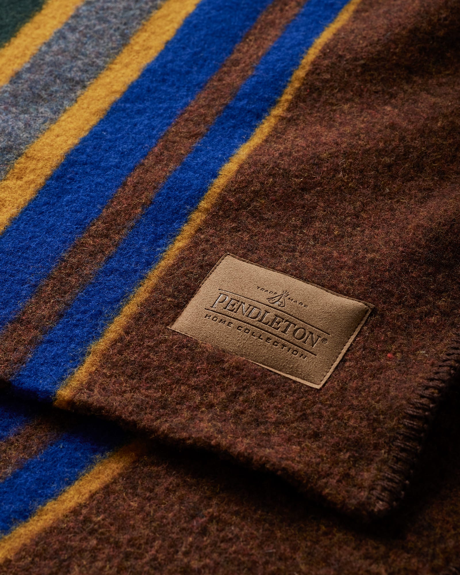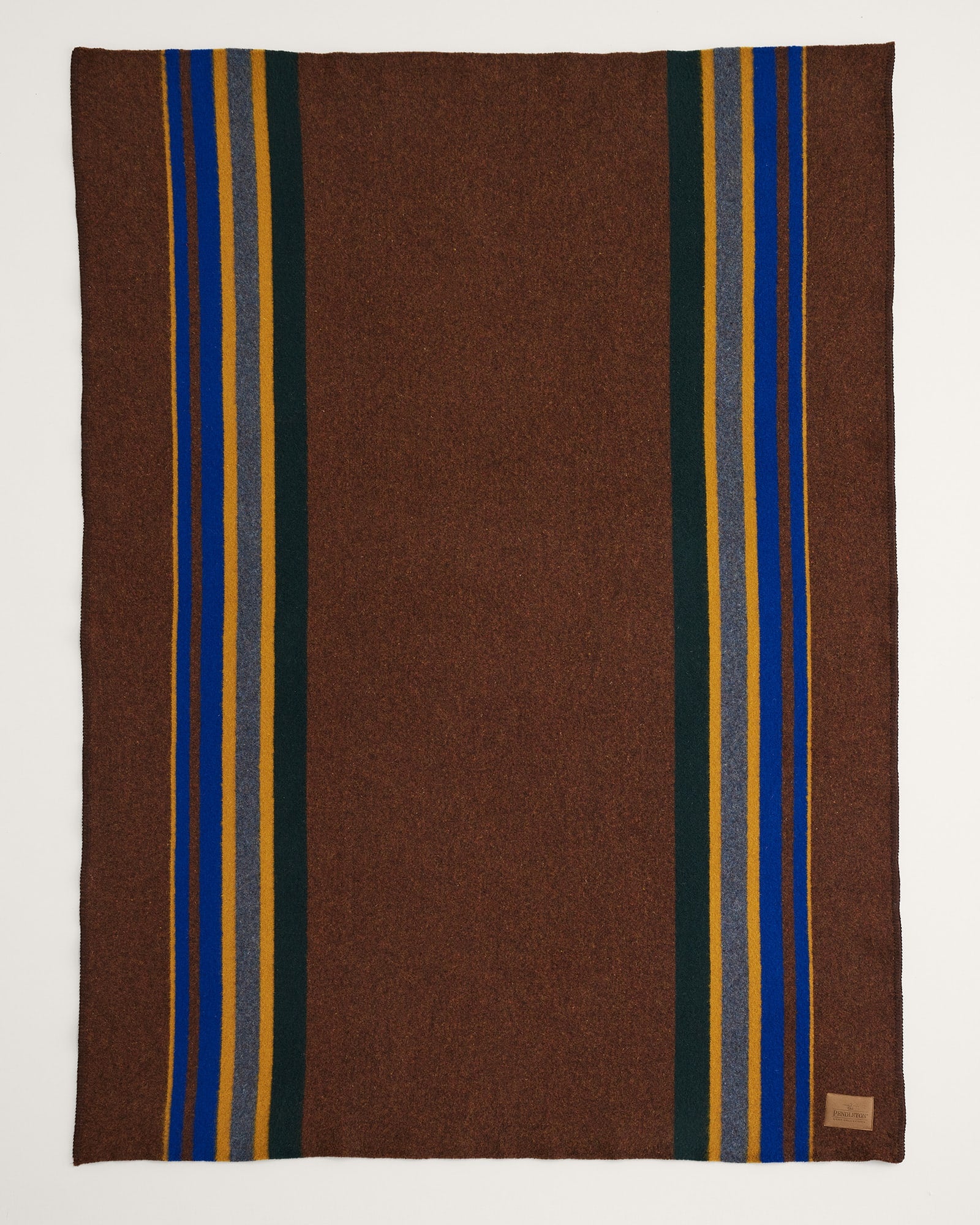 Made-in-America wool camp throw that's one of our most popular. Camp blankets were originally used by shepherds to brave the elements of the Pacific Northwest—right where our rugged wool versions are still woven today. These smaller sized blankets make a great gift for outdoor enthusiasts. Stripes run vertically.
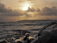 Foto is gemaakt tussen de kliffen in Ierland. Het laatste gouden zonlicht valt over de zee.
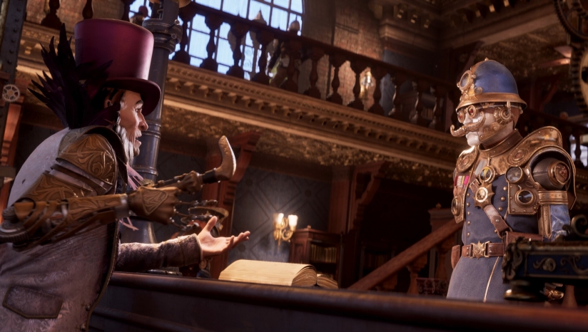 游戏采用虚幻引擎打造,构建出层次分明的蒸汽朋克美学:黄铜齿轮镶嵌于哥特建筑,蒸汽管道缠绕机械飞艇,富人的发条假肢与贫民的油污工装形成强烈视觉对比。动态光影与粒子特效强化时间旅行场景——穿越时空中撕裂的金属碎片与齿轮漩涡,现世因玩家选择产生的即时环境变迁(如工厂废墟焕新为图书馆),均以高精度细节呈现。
* * *
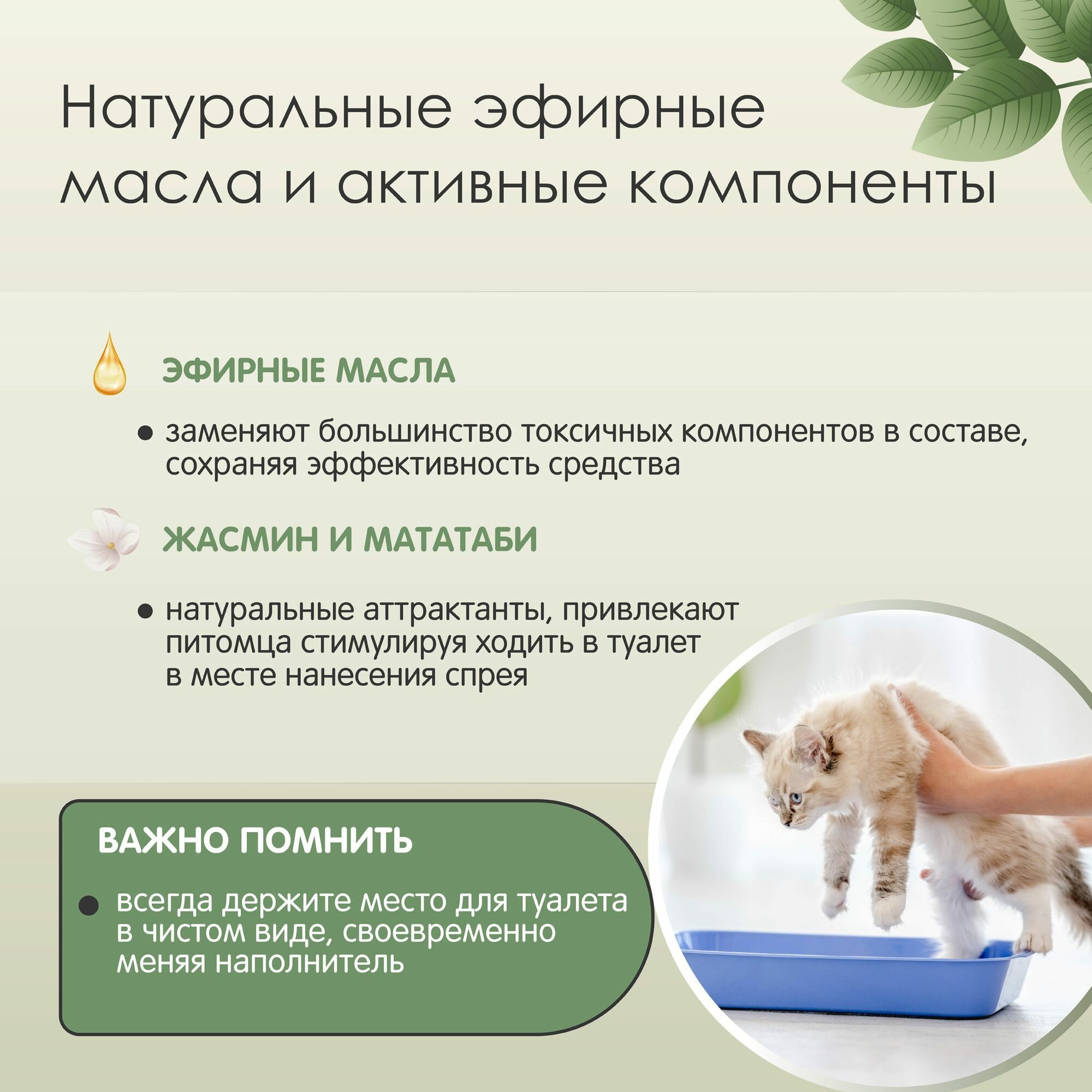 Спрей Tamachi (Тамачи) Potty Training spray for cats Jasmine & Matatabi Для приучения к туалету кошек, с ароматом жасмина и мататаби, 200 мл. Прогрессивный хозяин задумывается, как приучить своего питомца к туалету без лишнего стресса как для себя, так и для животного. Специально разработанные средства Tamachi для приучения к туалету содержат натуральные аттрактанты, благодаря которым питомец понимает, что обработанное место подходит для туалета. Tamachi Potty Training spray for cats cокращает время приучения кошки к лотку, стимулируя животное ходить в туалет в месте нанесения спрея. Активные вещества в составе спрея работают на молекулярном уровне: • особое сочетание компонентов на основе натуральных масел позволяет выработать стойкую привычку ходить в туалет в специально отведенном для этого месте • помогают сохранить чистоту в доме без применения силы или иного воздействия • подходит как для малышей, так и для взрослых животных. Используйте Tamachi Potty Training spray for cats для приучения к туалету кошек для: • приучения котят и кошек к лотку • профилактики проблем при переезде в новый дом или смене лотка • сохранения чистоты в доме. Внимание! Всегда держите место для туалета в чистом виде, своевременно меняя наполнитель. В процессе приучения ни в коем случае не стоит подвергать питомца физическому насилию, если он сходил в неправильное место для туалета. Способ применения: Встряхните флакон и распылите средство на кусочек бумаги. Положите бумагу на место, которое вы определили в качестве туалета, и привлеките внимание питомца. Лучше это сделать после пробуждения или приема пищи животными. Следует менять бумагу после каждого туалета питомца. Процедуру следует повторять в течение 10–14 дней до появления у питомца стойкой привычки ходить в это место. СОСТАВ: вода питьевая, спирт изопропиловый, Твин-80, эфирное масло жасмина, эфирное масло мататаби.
* * *
- **Your task**: For this exercise, transcribe exactly the part of the records above that opens with the line containing "Made-in-America wool camp" and closes with the one containing "Foto is gemaakt". Pictures are not part of the copy.

- **Exercise result**:
 Made-in-America wool camp throw that's one of our most popular. Camp blankets were originally used by shepherds to brave the elements of the Pacific Northwest—right where our rugged wool versions are still woven today. These smaller sized blankets make a great gift for outdoor enthusiasts. Stripes run vertically.
 Foto is gemaakt tussen de kliffen in Ierland. Het laatste gouden zonlicht valt over de zee.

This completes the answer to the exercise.